Antropologies de la Caixa Negra ©Silvia Poch

Anthropologies of the Black Box

The starting point of this project is the consideration of the black box concept as a philosophical machine. The black box is not only an instrument for recording flight signals that helping determine the causes of a fatal incident. Since the first uses of this device in civil aviation in the mid-20th century, and due to its prominence in the scenes of catastrophe, the black box has culturally functioned as a metaphor for encrypted memory — a persistent, indestructible, and concentrated testimony of the destroyed.

But the black box or flight recorder also coincides in its history with other developments, such as those of encryption technologies, ubiquitous nowadays in any transmission/translation; or the default film and video projection setup that proliferates, in the form of a “black box”, as a typology for exhibition making in the sphere of global contemporary art; or yet, the empty theatrical box, a zero-degree of dramatic spatiality after the dismantling of the classical theater apparatus.
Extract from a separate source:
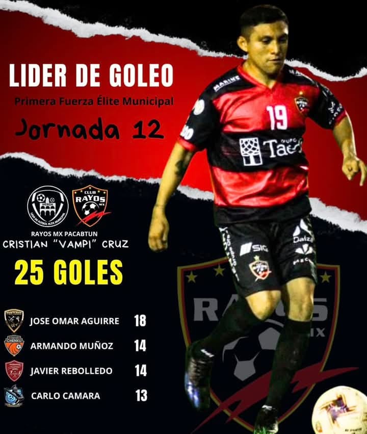 En la disputa por el campeonato de goleo están José Omar de las Panteras con 4 anotaciones en el primer lugar, además de Armando Muñoz del Real Chenkú y Javier Rebolledo de los Estudiantes del COBAY con 14 tantos para ambos, en el segundo y tercer puesto, respectivamente.

In this sense, more than a mere spectacular infrastructure, the black box is a place of apparitions, where blackness serves as a transitional platform for the unexpected to emerge as that which cannot manifest in the obvious world. The black box would thus be the spatial stratagem with which we become susceptible, that is, we expose ourselves to a certain type of manifestation.

Both a hallucinatory capsule and a security deposit for what-really-happened, the black box is a recorder of compromising signals and mental flights. As a resource and a remainder, of and therefore after the catastrophe, the black box is the sign of a strange survival, a script; it thus prompts a contemporary version of the message in a bottle. This hidden “safe box” of reality is a historically dark matter, trauma’s savings account, the ballot box for votes turned ashes. Place of transit for amnesia or smuggled memory. Burnt chest of evidence and traces. When the current civilization collapses, we will have to look for its black boxes. 

Under the format of a lecture-performance, and as part of the Teatre Lliure's KATHARSIS program, Anthropologies of the Black Box uses the stage as a site of resonance, collage, and collision. The narrative, made up of verbal, visual, tactile, and sonic elements, journeys through the work of contemporary artists and authors such as Victor Costales, Amie Siegel, Sara Nadal-Melsió, Gaika, Paloma Polo and Carlos Casas, among others, whose practice will be discussed alongside rare and unpublished documentation as well as some special contributions. Meanwhile, a wearable device called B·LACKASHA will emerge during the play. This brutalist-like lamp allows its bearer to tune into the return of the repressed, transforming their head into a source of black light. Deceptively crude, witty rather than smart, this domestic accessory is also a primitive registration instrument for our collective research.

Information

January 24th and 29th, 2021
Sala Fabià Puigserver, Teatre Lliure Montjuïc.

Co-creation of Mercè Boncompte, Daniel Cardona, Manuel Cirauqui, Ana Habash, Berner Maynés, Elisabet Pahissa and Alexandre Viladrich for eina idea.